-------- Recorded data --------

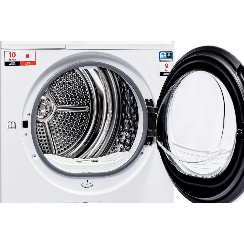 Среди особенностей модели — возможность выбора времени завершения программы. Конденсат отводится в дренаж. После сушки предусмотрено охлаждение вещей.
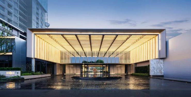 高境府门,高约8米的门头,用铝板、石材、玻璃幕墙等材质。灵感源自上海宝格丽酒店的环岛式落客区、三亚艾迪逊酒店的社区大门、香港瑰丽的社区大堂等设计理念。
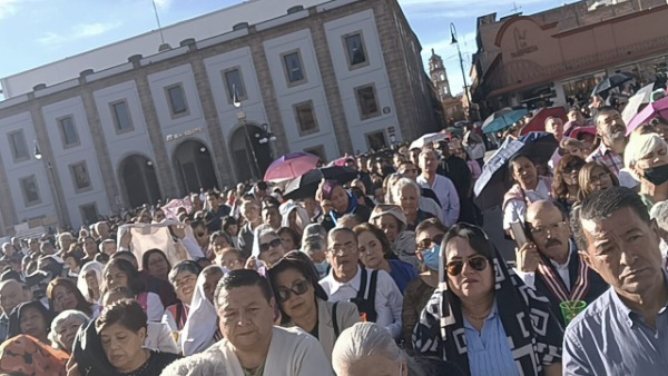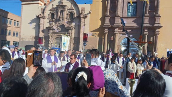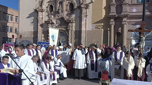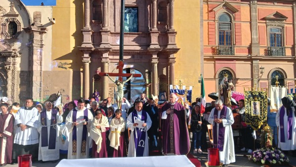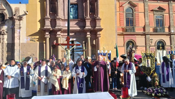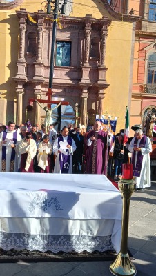 Decenas de personas acudieron al lugar para participar en la ceremonia religiosa realizada en el Centro Histórico de San Luis Potosí.

--------

▶ [Task prompt] Restate the material above word for word, so that nothing changes except that the pictures are gone.

▶ [Response for this exercise]
 Среди особенностей модели — возможность выбора времени завершения программы. Конденсат отводится в дренаж. После сушки предусмотрено охлаждение вещей.
 高境府门,高约8米的门头,用铝板、石材、玻璃幕墙等材质。灵感源自上海宝格丽酒店的环岛式落客区、三亚艾迪逊酒店的社区大门、香港瑰丽的社区大堂等设计理念。
 Decenas de personas acudieron al lugar para participar en la ceremonia religiosa realizada en el Centro Histórico de San Luis Potosí.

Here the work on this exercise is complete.